Quand le street art entre en prison…

Quand le street art entre en prison…

Depuis quelques mois, plusieurs street-artistes ont entrepris de faire rentrer leur art dans les prisons françaises. Une initiative qui méritait bien un article de la Mother !

 

Connus ou moins connus, de nombreux street-artistes profitent d’une écoute accrue de la part des pouvoirs publics pour développer la visibilité de leurs œuvres et leur donner une véritable dimension sociale. Partout en France, on voit émerger des projets qui donnent envie d’aimer encore plus le street-art et son apport dans la société, bien plus important qu’une unique question d’embellissement de l’espace public.

C215 - Maison d'Arrêt des femmes de Versailles

© C215 – Maison d’Arrêt des femmes de Versailles

Parmi ces street-artistes, le pochoiriste français Christian Guémy, alias C215, a peint plusieurs œuvres au sein des maisons d’arrêt de Versailles et Bois d’Arcy. Dans une récente interview à Mother Shaker, C215 nous expliquait que s’il travaillait dans les prisons, c’était « pour faire œuvre utile, ce n’est pas là où je vais m’y faire de la publicité. J’ai toujours voulu rester libre, faire ce que j’avais envie, fonctionner avec ma logique et rien d’autre. ».
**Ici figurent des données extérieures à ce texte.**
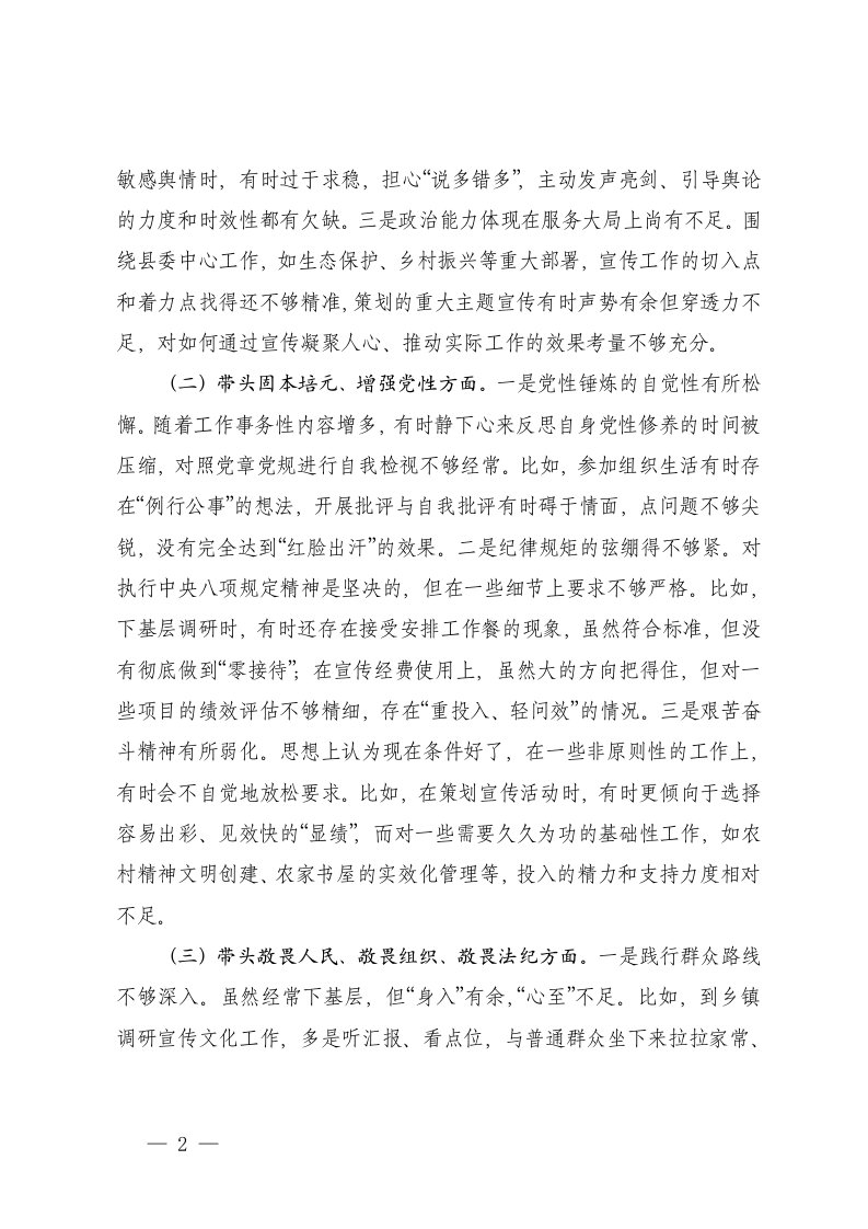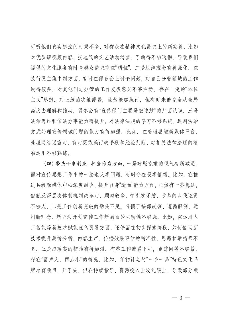 标题:宣传部部长在2025年度民主生活会对照检查材料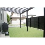 庭全体の人工芝だけでなく、大屋根のテラス、目隠しフェンスも加えて、安心してくつろげるスペースに。 工事が終わった後、お子様が楽しく走り回っていて、庭がキレイになって良かったとホッとしました。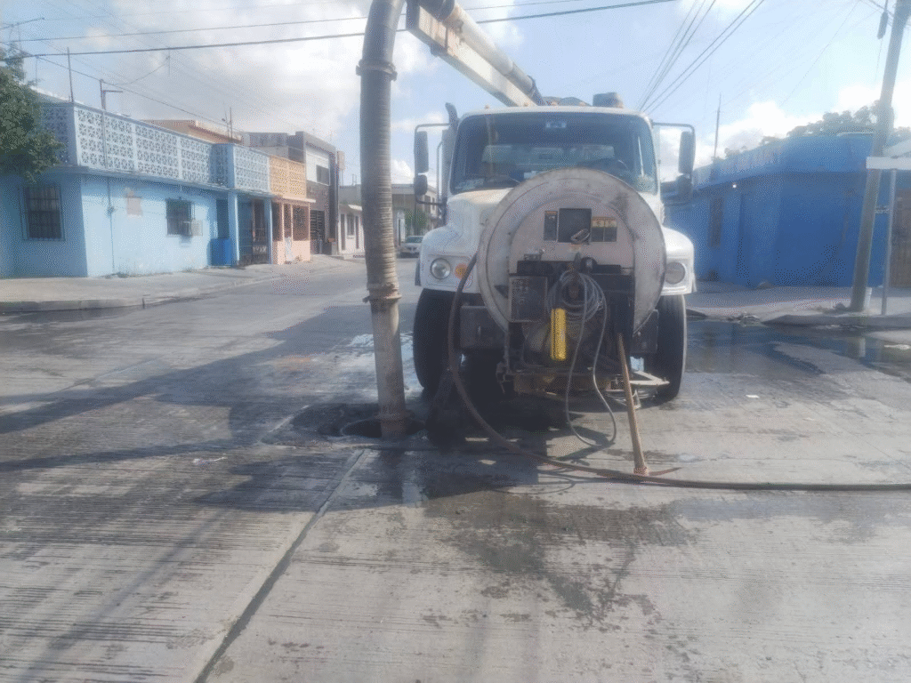 H. Matamoros, Tamaulipas.- El Gobierno de Matamoros, a través de la Junta de Aguas continúa con los recorridos del camión vactor, atendiendo reportes y realizando labores de limpieza en las colonias Treviño Zapata, San Francisco, Bienestar y Carlos Salinas de Gortari.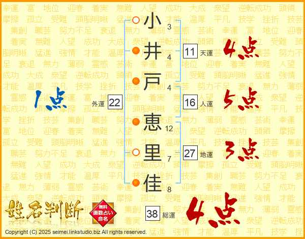小(3画)井(4画)戸(4画) 恵(12画)里(7画)佳(8画)
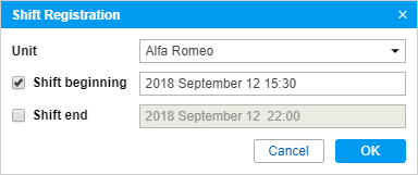 To register a shift manually, click on the Register shift button in the lower left corner of the dialog box. Next, select the unit and specify the beginning and/or end of the shift. To activate the field of the shift end, select the check box next to it.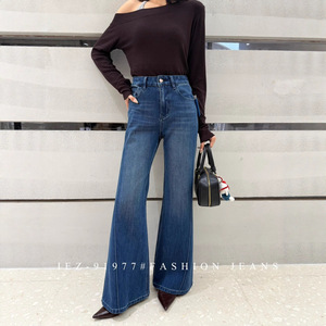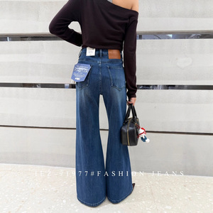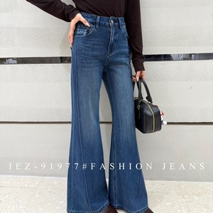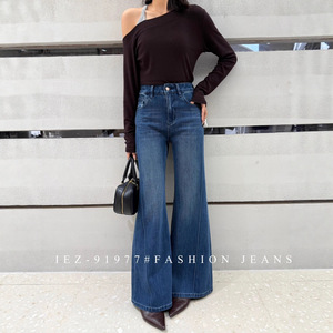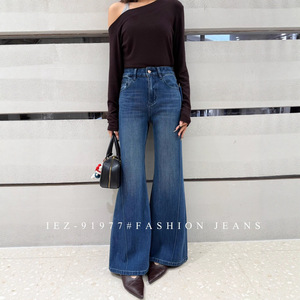 2025年秋新款IEZ91977牛仔裤女欧货高腰四面弹鱼骨边不贴腿喇叭裤

Sur le site du ministère de la Justice, il ajoute par ailleurs «  J’ai toujours pensé que la prison était un lieu de vie comme un autre, pour les détenus comme pour les surveillants, et que la privation de liberté n’excluait pas la possibilité pour tous ceux qui y résident de se voir proposer des œuvres d’art leur permettant de s’échapper noblement, par l’esprit, du confinement imposé par l’incarcération. ».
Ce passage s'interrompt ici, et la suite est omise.